Hi everyone,
I have a little problem which I simply cannot get solved. I have a dataframe where I want to compare to columns for each group. When the two columns match, I want to extract all the rows from a fourth colum that are one group as well. This sounds super strange, so I tried to create an example. It is not the best, but I think it shows the point more or less:)
set.seed(2)
dr = seq(as.Date("2020-01-01"),as.Date("2021-01-01"), by = "day")
df = data.frame(
date.x = dr,
date.y = sample(dr, size = length(dr), replace = T)
)
g1 = rep(seq(1,length(dr), by = 10), each = 10)
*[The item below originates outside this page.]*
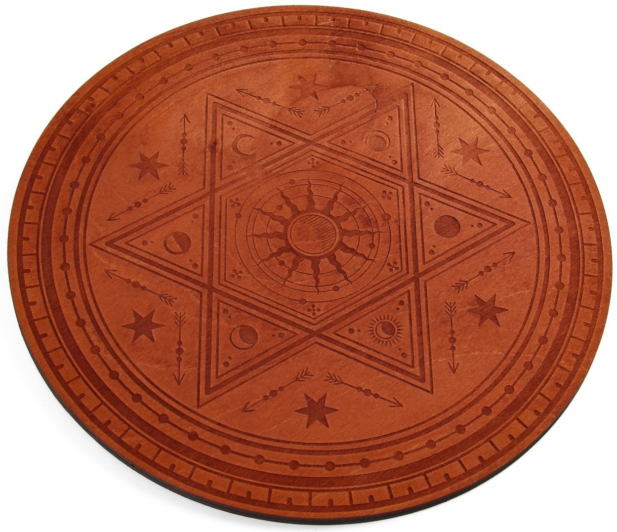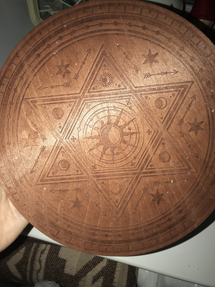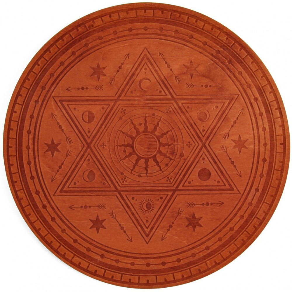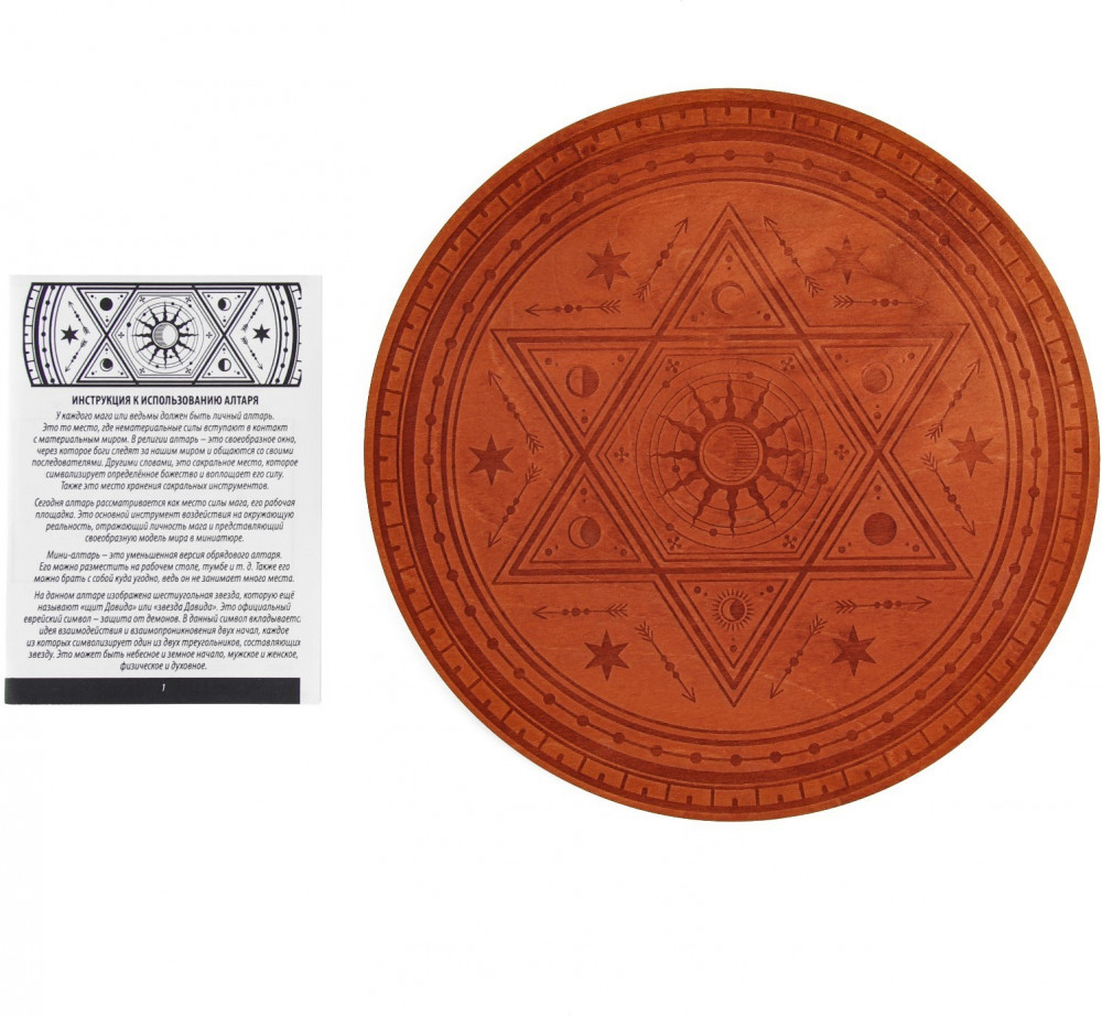 💳 Оплатить за товар можно при получении 🇰🇿 Есть бесплатная доставка по Казахстану от 1 дня 🎁 Копите бонусы с каждой покупки Серия: Гадания У каждого мага или ведьмы должен быть личный алтарь, его рабочая площадка. Это то место, где нематериальные силы вступают в контакт с материальным миром. На данном алтаре изображена шестиугольная звезда, которую ещё называют «щит Давида» или «звезда Давида». Это символ защиты. В данный символ вкладывается идея взаимодействия и взаимопроникновения двух начал, каждое из которых символизирует один из двух треугольников, составляющих звезду. Это может быть небесное и земное начало, мужское и женское, физическое и духовное. |

g2 = rep(seq(1,length(dr), by = 5), each = 5)
df["g1"] = g1[1:nrow(df)]
df["g2"] = g2[1:nrow(df)]
date.x date.y g1 g2
1 2020-01-01 2020-12-06 1 1
2 2020-01-02 2020-07-16 1 1
3 2020-01-03 2020-09-18 1 1
4 2020-01-04 2020-09-29 1 1
5 2020-01-05 2020-12-14 1 1
6 2020-01-06 2020-07-22 1 6
7 2020-01-07 2020-10-23 1 6
8 2020-01-08 2020-06-26 1 6
9 2020-01-09 2020-03-15 1 6
10 2020-01-10 2020-05-10 1 6
So I want to comple date.x
and date.y
for each group of g1
. When they match I want to look at the column g2
and extract all the same values.
So I received the tip about doing it like this:
df %>%
group_by(g1, g2) %>%
filter(
g2 == g2[date.x == date.y]
)
But this does not work. Maybe someone has a tip here:) Thanks a lot already!